Q: Are you going to return to creator-owned or independent comic books in the near future?
A: Yeah, I’ll be announcing two new Image books next year (in 2020).
Q: What’s your creative process when writing comics?
A: On Venom, especially, that’s like a culmination of 30 years of me being a little kid. When my first issue of Venom came out, that month was the 30-year anniversary of Venom. I’m 35, I was a five-year-old when it first came out.
A lot of my stuff is just ideas that I’ve had since I was a little kid. I remember I would just make stuff up to tell my friends because I was the only one who read comics. I would tell them, like the green drool in Venom’s mouth is actually the bullets that he gets hit with dissolved and retroactively I now make myself not a liar because I went and made that shit canon.
So really, it’s just me having fun, man, and to make Venom feel unique in his own space. I think that J. Michael Straczynski’s Amazing Spider-Man was very big for me as a writer because it’s such an additive series. He developed so many new things. What I took from that was in the first arc of JMS’ run, he introduced Morlun. We’ve seen Spider-Man fight Doc Ock, we kinda know how that fight goes.
You don’t know what’s going to happen with Morlun. He’s going to beat Peter Parker to death on a street, which he does, by the way. That makes it so scary because it’s new and unknown. There’s a lot of Morlun’s DNA in Knull.
I try to be very additive, I try to look at what’s never been done. Not to promote my own book, but like Thor number #1 out January 1st, I found an unexplored area of Marvel dating back to the Jack Kirby cosmic odyssey stuff that I was just researching and looking at. I was reading it and I was like, I found this little plothole, this little piece of unexplored territory in an old Stan and Jack comic.

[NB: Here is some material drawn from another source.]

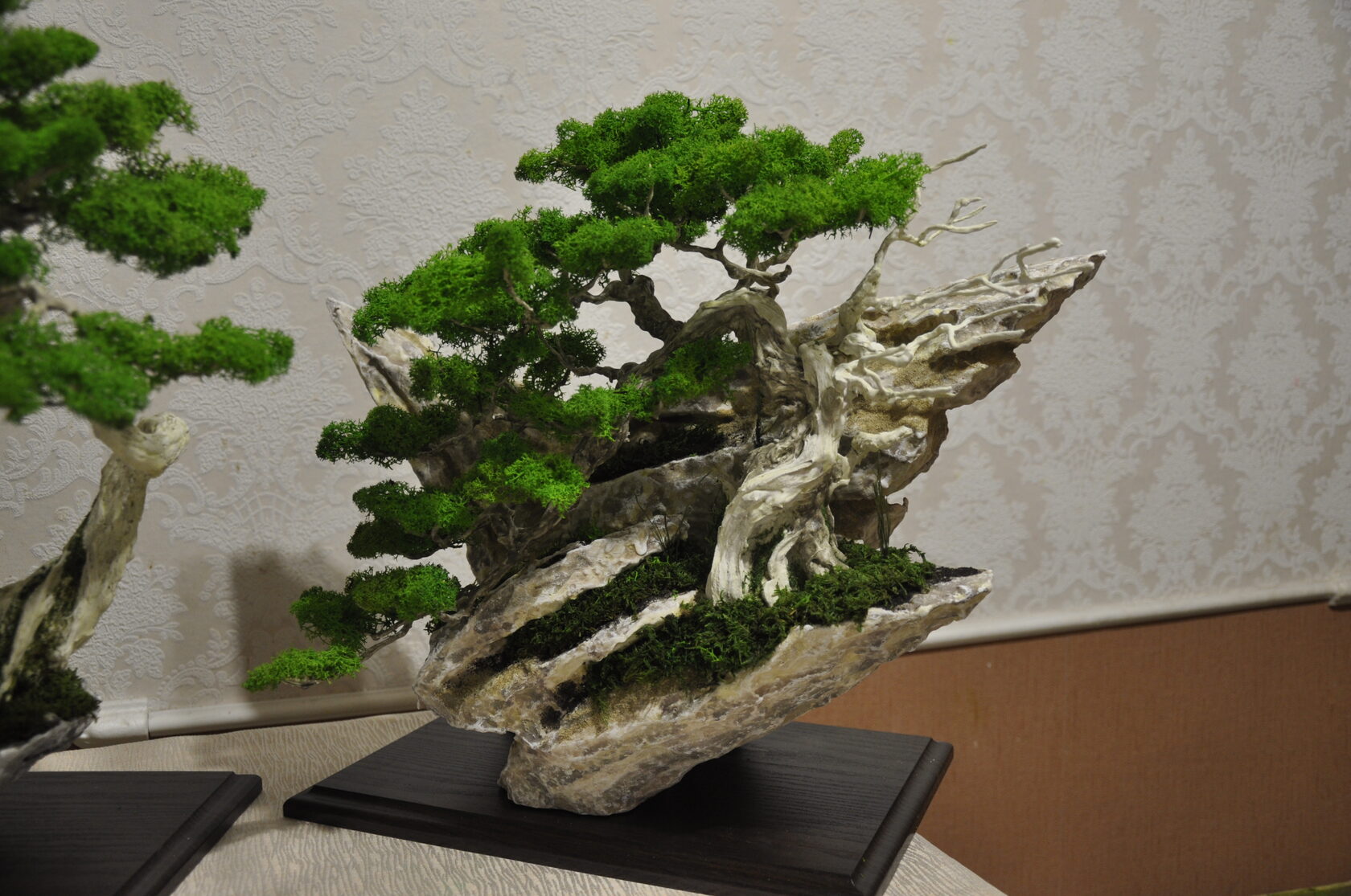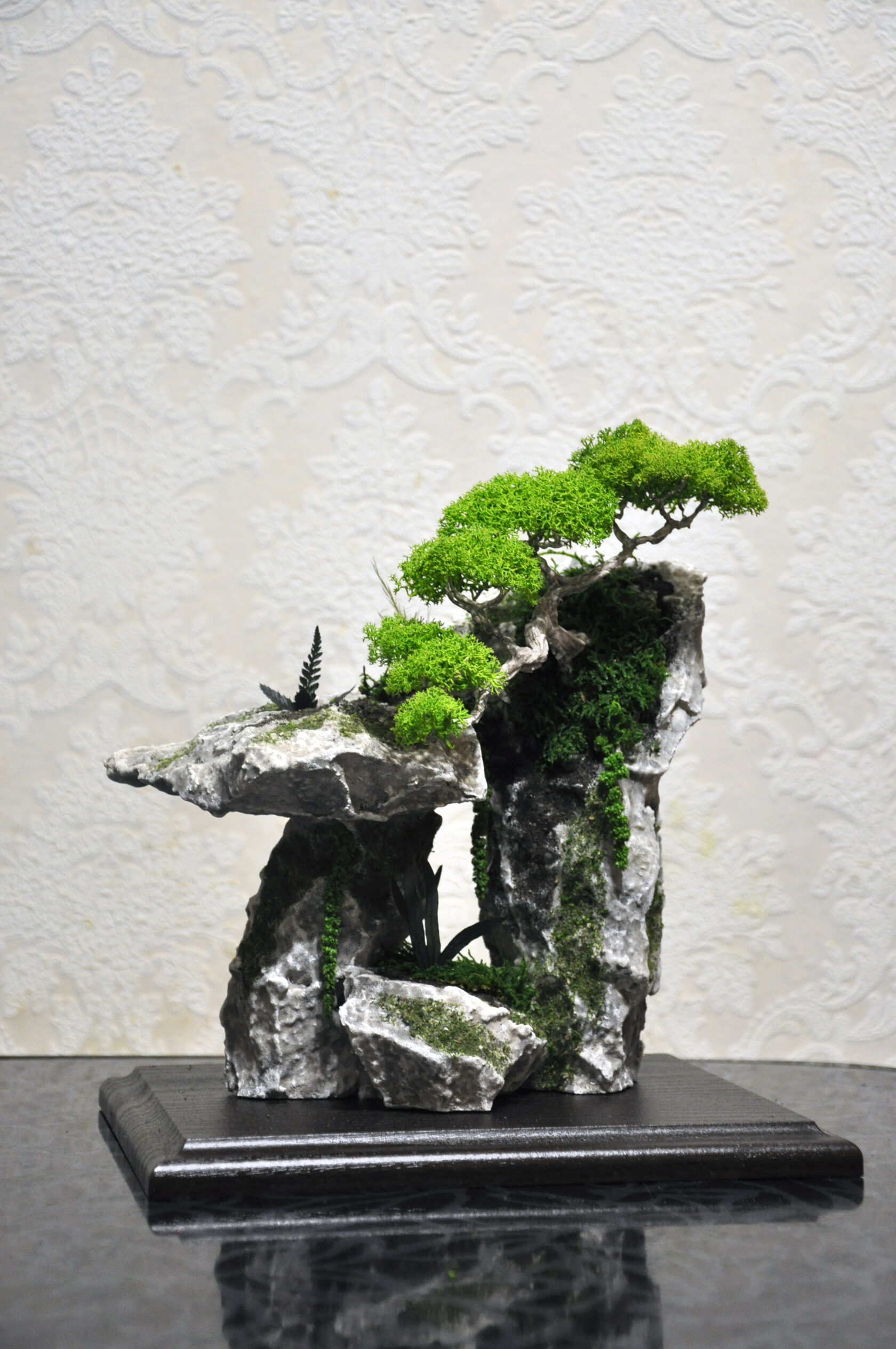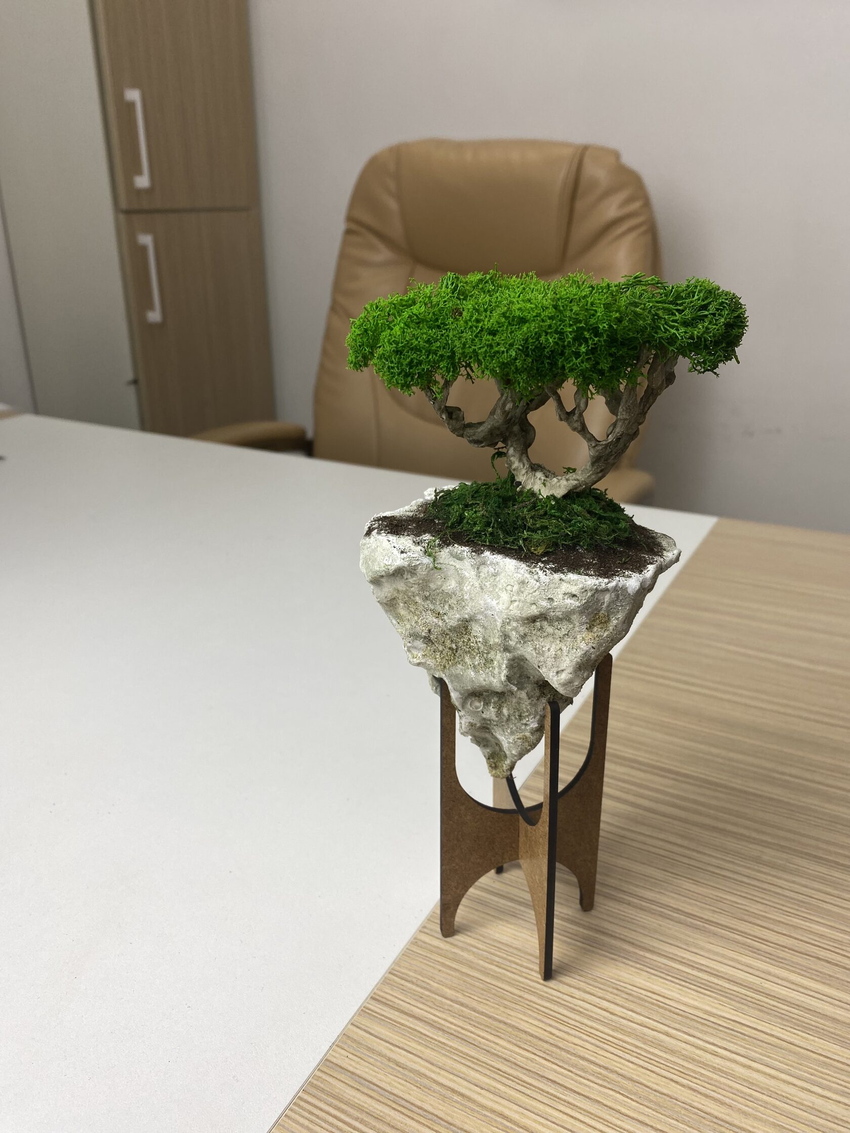 Фитокартина выполнена из стабилизированных растений и искусственного камня. Можно использовать на рабочем столе или повесить на стену. Материалы: мох пластовой, ветки амаранта, листья папоротников, грунт, искусственный камень.

But I called Tom Brevoort at Marvel. He’s kinda like the all-father who knows everything. I called him and I said, hey, is it possible that no one has ever explained ‘this’, that ‘this’ has never been fleshed out? And he said, no, no one’s ever done that. I ask, can I do it, and he said, yeah.
I know that I’m speaking in absolute vagueries now but you’ll understand what I mean when you read it.
I don’t like telling stories about stories, I don’t like to do my version of whatever, I like to add some type of lore into it.
I want books to be changed after I leave them if that makes any sense.